**The task**
Leaving the pictures out, print the lines from the first line of the listing through the line containing "V80耳夹式蓝牙耳机不入耳佩戴运动跑步防水防汗超长待机降噪迷你", exactly as they read, and no others.
───── Data excerpt
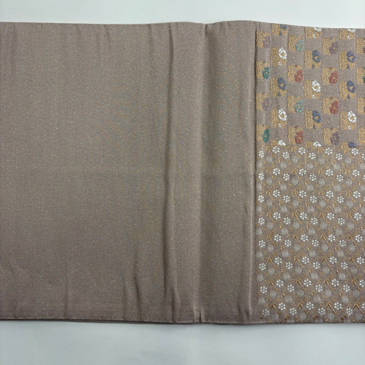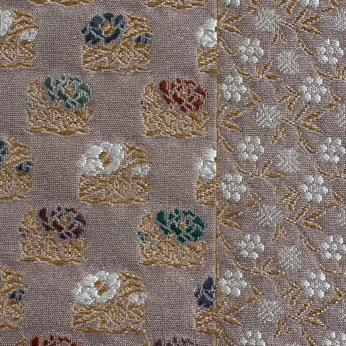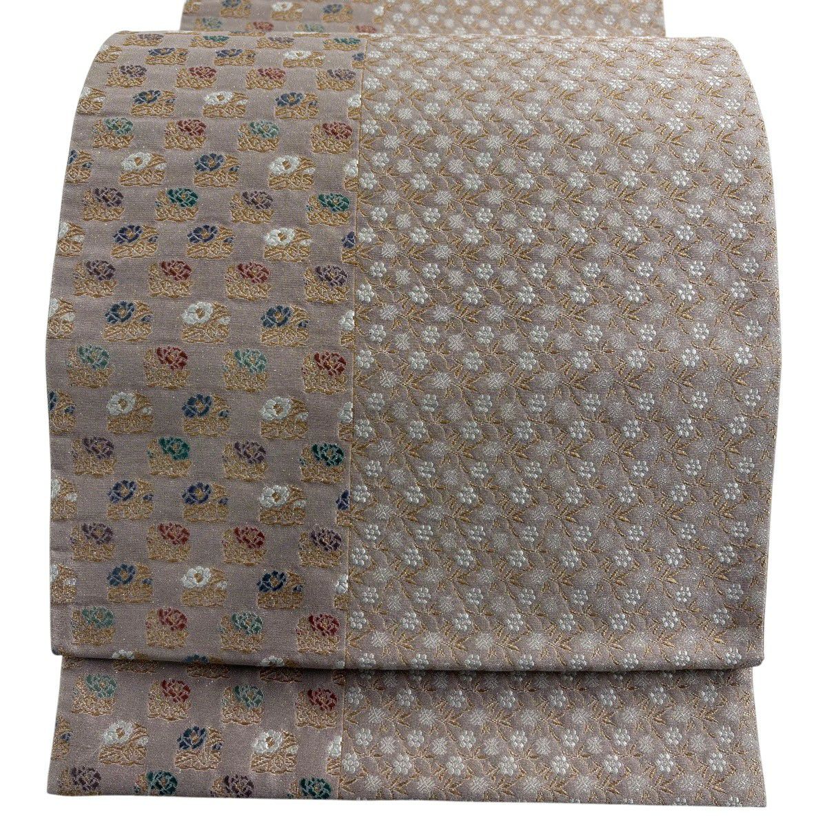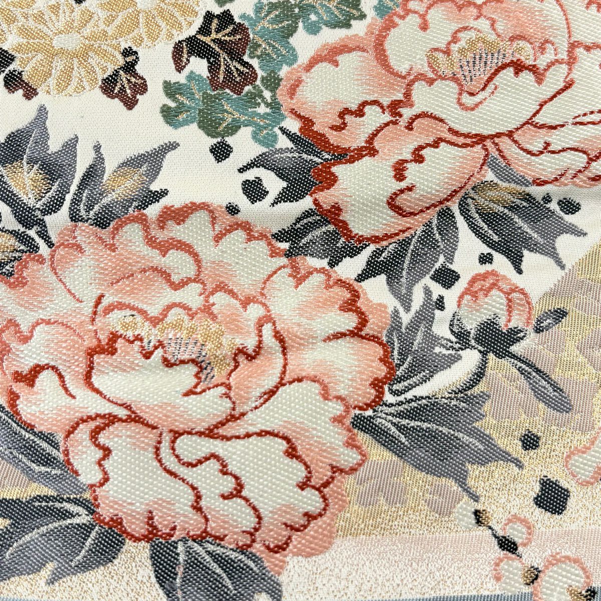 【美品】 袋帯 秀品 華文 牡丹 金銀糸 唐織 薄茶色 六通 正絹
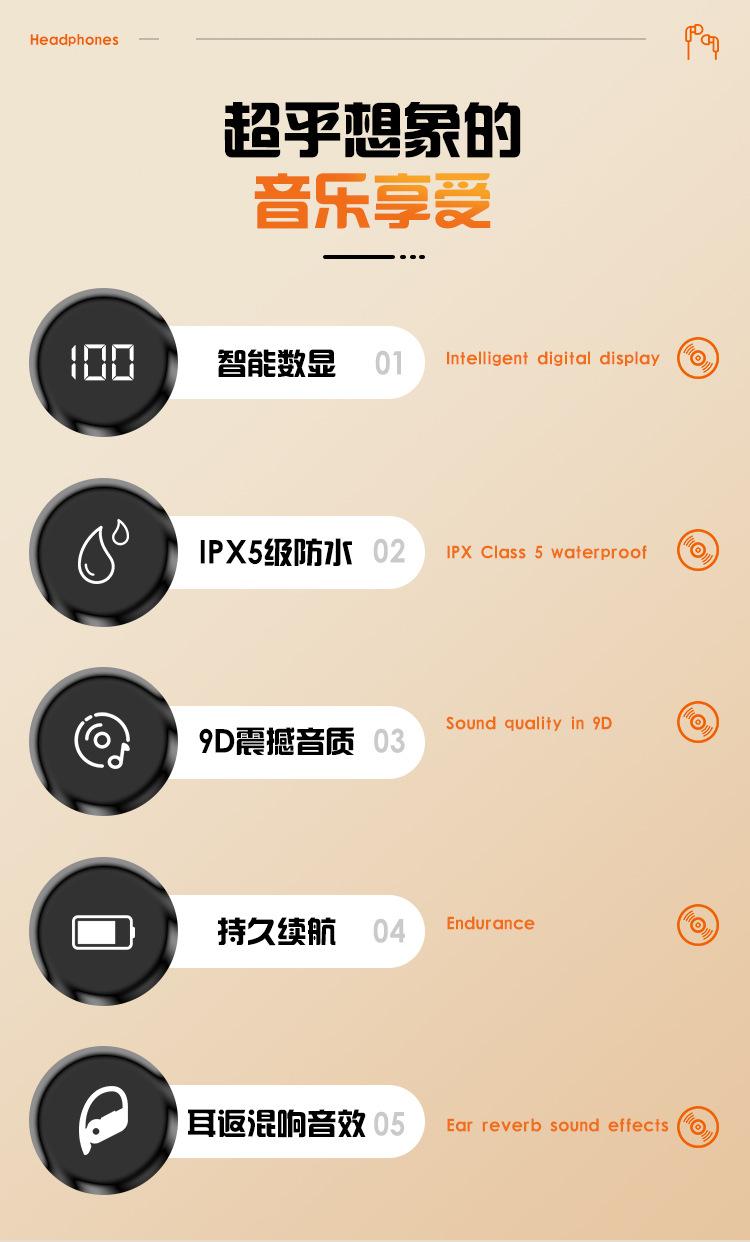 V80耳夹式蓝牙耳机不入耳佩戴运动跑步防水防汗超长待机降噪迷你
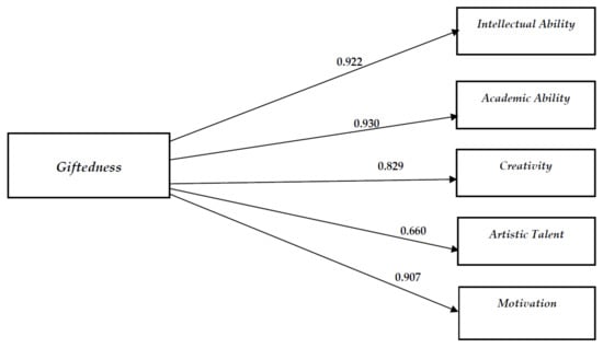 It should be noted that the aforementioned set of the CFA at the item-level data, although they fully verified the unifactorial structure proposed by Pfeiffer and Jarosewich [] for each of the five scales of the Greek version of the GRS-P, were limited as regards the identification of the number of the GRS-P organization’s underlying factors. Since the unifactorial structure for each of the five scales of the Greek version of the GRS-P was verified at the item-level data, and taking into account the finding of Benson and Kranzler [] at the scale-level data (not at the item-level data) that a general factor (latent variable) has been found to account for most of the variance captured by the five GRS-P ratings (measured variables), we followed Benson’s and Kranzler’s methodology []. In specific, we applied both an exploratory factor analysis (EFA) and confirmatory factor analysis (CFA), at the scale-level data, to all five scales of the Greek version of the GRS-P in order for us to be able to identify the number of their organization’s underlying factors (latent variables). Since both the EFA and CFA were not run at the item-level but at the total scores for the aforementioned verified factor structure of each scale of GRS-P, the intellectual ability, academic ability, creativity, artistic talent, and motivation scales were treated as measured (observed) variables first in the EFA, and then in the CFA that conducted the scale-level data.
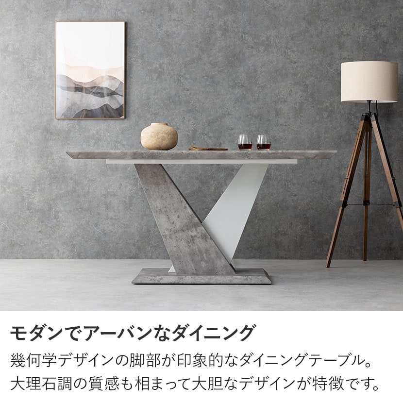 幾何学デザインの脚部が印象的なダイニングテーブル。大理石調の質感も相まって大胆なデザインが特徴です。
──────────
**Response to the task**
 【美品】 袋帯 秀品 華文 牡丹 金銀糸 唐織 薄茶色 六通 正絹
 V80耳夹式蓝牙耳机不入耳佩戴运动跑步防水防汗超长待机降噪迷你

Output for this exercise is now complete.